List repository contributors

• GitHub API: List repository contributors.
• Owner: The account owner of the repository. The name is not case-sensitive.
• Repo: The name of the repository. The name is not case-sensitive.

Get repository content

• GitHub API: Get repository content.
• Owner: The account owner of the repository. The name is not case-sensitive.
• Repo: The name of the repository. The name is not case-sensitive.
• Path: The path of the content within the repository.
• Ref: The name of the commit/branch/tag. Defaults to the repository’s default branch.

Actions

Create workflow dispatch event

• GitHub API: Create workflow dispatch event
• Owner: The account owner of the repository. The name is not case-sensitive.
• Repo: The name of the repository. The name is not case-sensitive
• Workflow ID: The ID of the workflow. You can also pass the workflow file name as a string.
• Git reference: The branch or tag name for the workflow.
• Workflow inputs: An object containing up to 10 key-value pairs. Inputs are configured in the workflow file.

References

Create a reference

• GitHub API: Create a reference
• Owner: The account owner of the repository. The name is not case-sensitive.
• Repo: The name of the repository. The name is not case-sensitive
• Git reference: The name of the fully qualified reference (i.e: refs/heads/master).
• SHA1: The SHA1 value to create this reference from.

Pulls

Create a pull request

• GitHub API: Create a pull request.
• Owner: The account owner of the repository. The name is not case-sensitive.
• Repo: The name of the repository. The name is not case-sensitive
• Title: The title of the new pull request.
• Head: The name of the branch where your changes are implemented.
• Base: The name of the branch you want the changes pulled into.
• Body: The contents of the pull request.
• Draft: Indicates whether the pull request is a draft.

Collaborators

List repository collaborators

• GitHub API: List repository collaborators.
• Owner: The account owner of the repository. The name is not case-sensitive.
• Repo: The name of the repository. The name is not case-sensitive
• Page: The page number of the results to fetch.
• Results per page: The number of results per page.

Handle Connector response

The GitHub Connector is a protocol Connector, meaning it is built on top of the HTTP REST Connector, therefore handling response is still applicable as described.

GitHub Webhook Connector

The GitHub Webhook Connector is an inbound Connector that allows you to start a BPMN process instance triggered by a GitHub event.

note

If you have used the GitHub Webhook Connector with a self-managed Camunda 8 configuration before the Connector SDK 0.7.0 release, you might need to manually replace the element template. Please refer to the update guide for more details.

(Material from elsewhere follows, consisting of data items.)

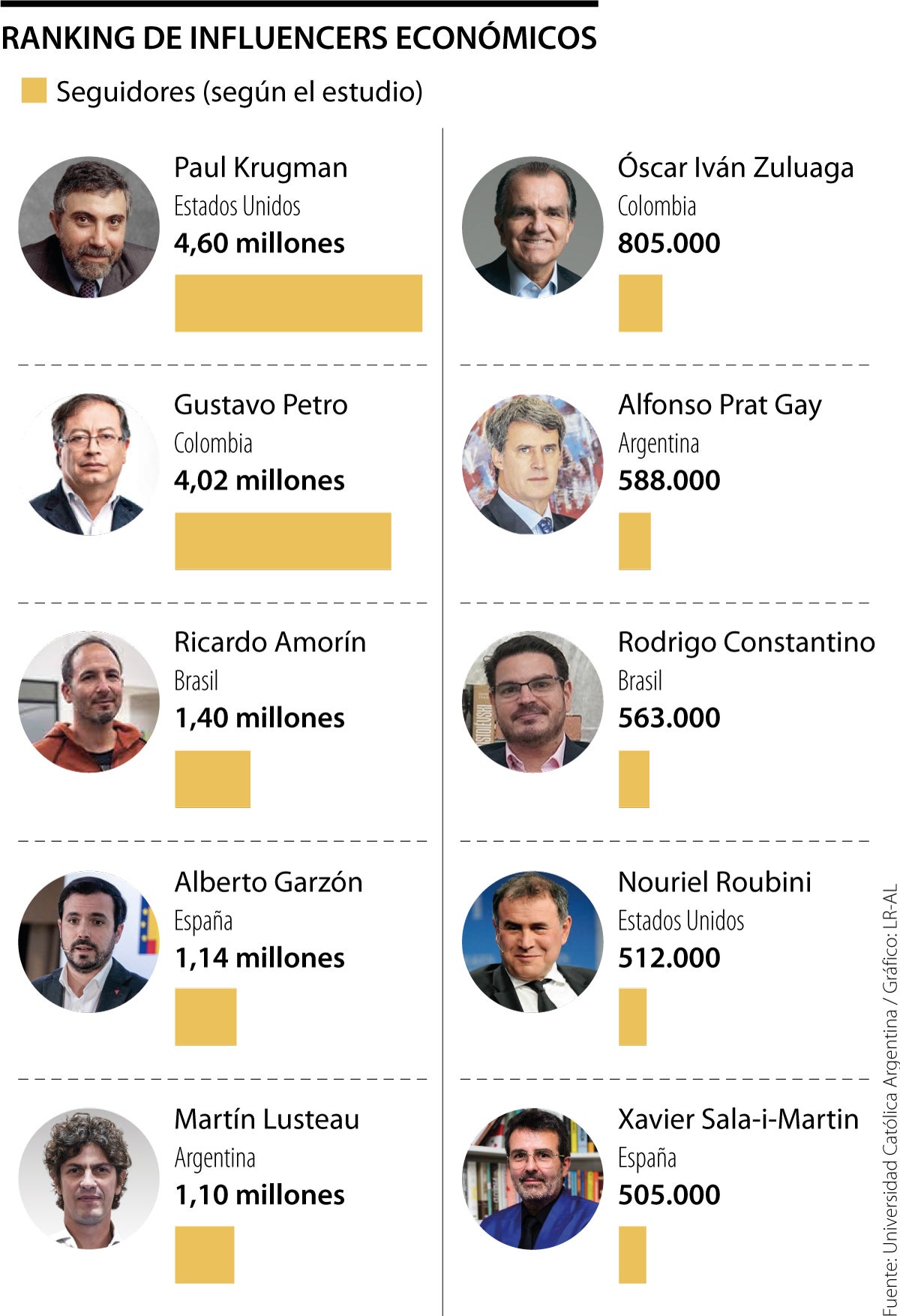 En el listado también figuran Paul Krugman, de EE.UU. y Ricardo Amorín, de Brasil. El estudio mide el número de seguidores en Twitter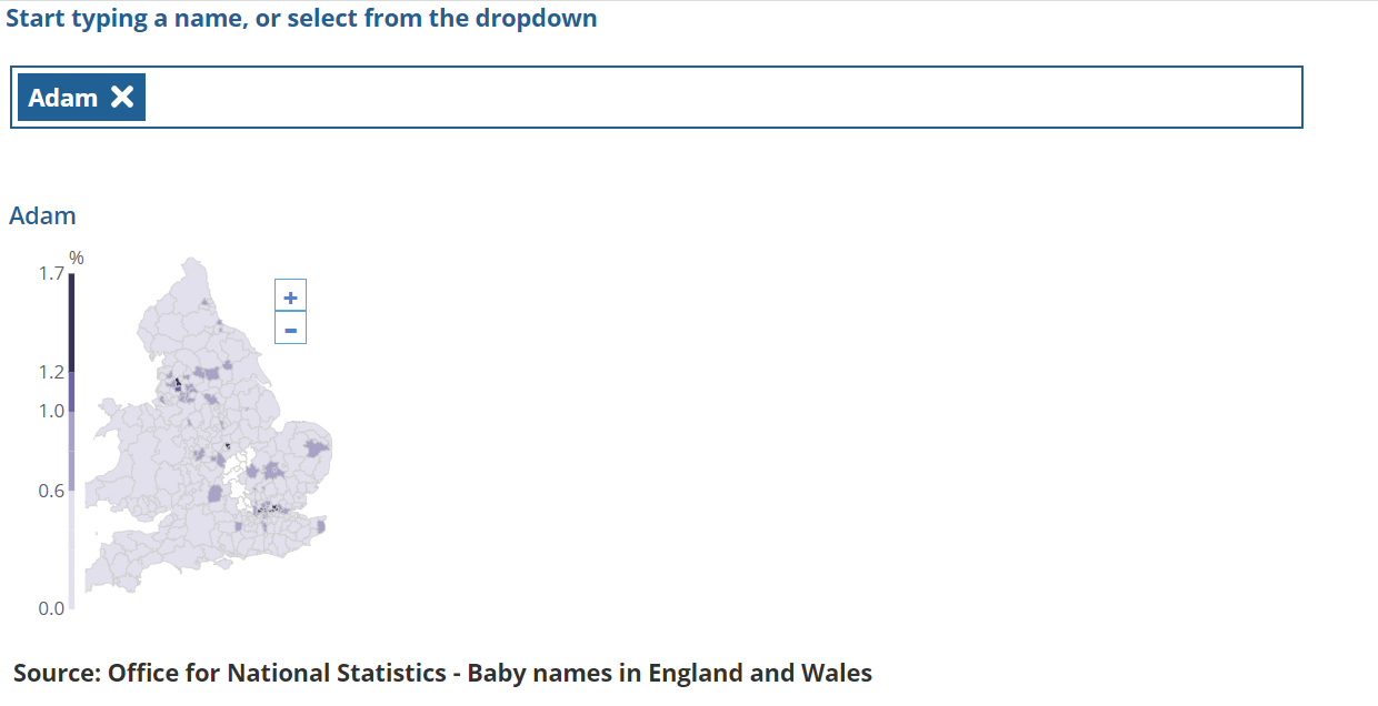 This graphic allows users to see the geographical spread of a selected name across England and Wales. See the accompanying data for the underlying figures.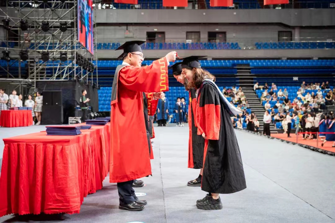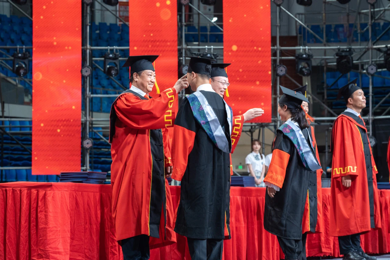 学位获得者以院(系)为单位,7人一组依次走向主礼台,校学位评定委员会主席团成员和各学位评定分委员会主席为学位获得者拨穗正冠、颁授学位。帽穗自右向左拨过,这一刻是荣誉的赋予,是“公诚勤朴”的传承,更是对未来的无限期许。
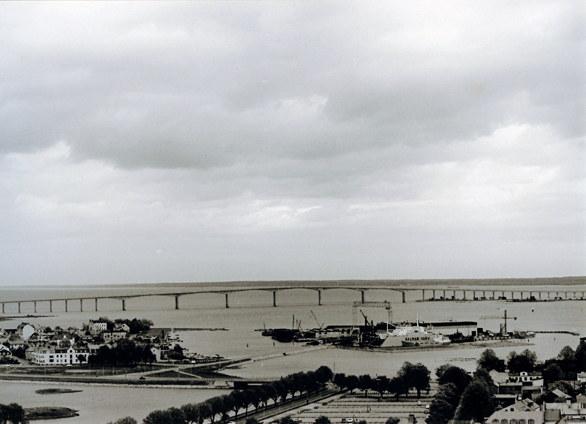 Vy från Ångkvarnen mot Ängö och Kalmar varv med Ölandsbron i bakgrunden.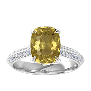 6.41ct Yellow Tourmaline set in Triple Heart Diamond Ring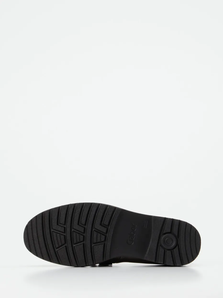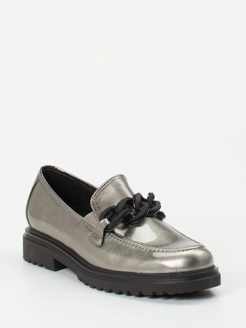 Der komfortable Loafer von Gabor Comfort verbindet glänzendes Lackleder mit modischer Kettendekoration – ein gelungener Mix aus Eleganz und urbanem Streetstyle.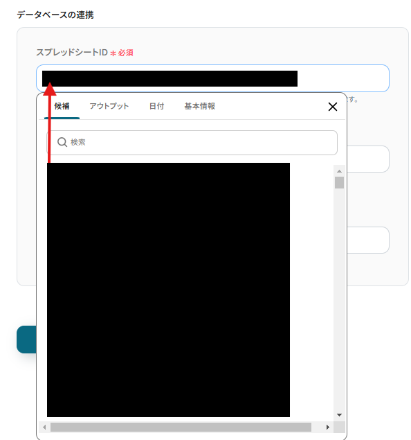 「スプレッドシートID」「スプレッドシートのタブ名」は、入力欄をクリックして表示される候補から選択するか、入力欄下の説明に従って、入力してください。

Create a GitHub Webhook Connector task

1. Start building your BPMN diagram. You can use GitHub Webhook Connector with either Start Event or Intermediate Catch Event building blocks.
2. Select the applicable element and change its template to a GitHub Webhook.
3. Fill in all required properties.
4. Complete your BPMN diagram.
5. Deploy the diagram to activate the webhook.
6. Navigate to the Webhooks tab in the properties panel to observe the webhook URL.

Make your GitHub Webhook Connector for receiving messages executable

1. In the Webhook Configuration section, configure the Webhook ID. By default, Webhook ID is pre-filled with a random value. This value will be part of the Webhook URL. You will find more details about GitHub Webhook URLs below.
2. Set the GitHub secret. This is a shared secret key that has to be defined in both your BPMN and GitHub webhook configuration page. The value is used to calculate HMAC authentication signature.
3. Configure Activation Condition. For example, given GitHub triggers a webhook endpoint with a new PR payload {"action": "opened", "pull_request": ...}, the Activation Condition value might look like as =(request.body.action = "opened"). Leave this field empty to trigger your webhook every time.
4. Use Result Variable to store the response in a process variable. For example, myResultVariable.
5. Use Result Expression to map specific fields from the response into process variables using FEEL. For example, given that the GitHub webhook is triggered with the body {"pull_request": {"id": 123}} and you would like to extract the pull request id as a process variable pullRequestId, the Result Expression might look like this:

= {
  pullRequestId: request.body.pull_request.id
}

Correlation

The Correlation section allows you to configure the message correlation parameters.

note

The Correlation section is not applicable for the plain start event element template of the GitHub Webhook Connector. Plain start events are triggered by process instance creation and do not rely on message correlation.

Correlation keys

• Correlation key (process) is a FEEL expression that defines the correlation key for the subscription. This corresponds to the Correlation key property of a regular message intermediate catch event.
• Correlation key (payload) is a FEEL expression used to extract the correlation key from the incoming message. This expression is evaluated in the Connector Runtime and the result is used to correlate the message.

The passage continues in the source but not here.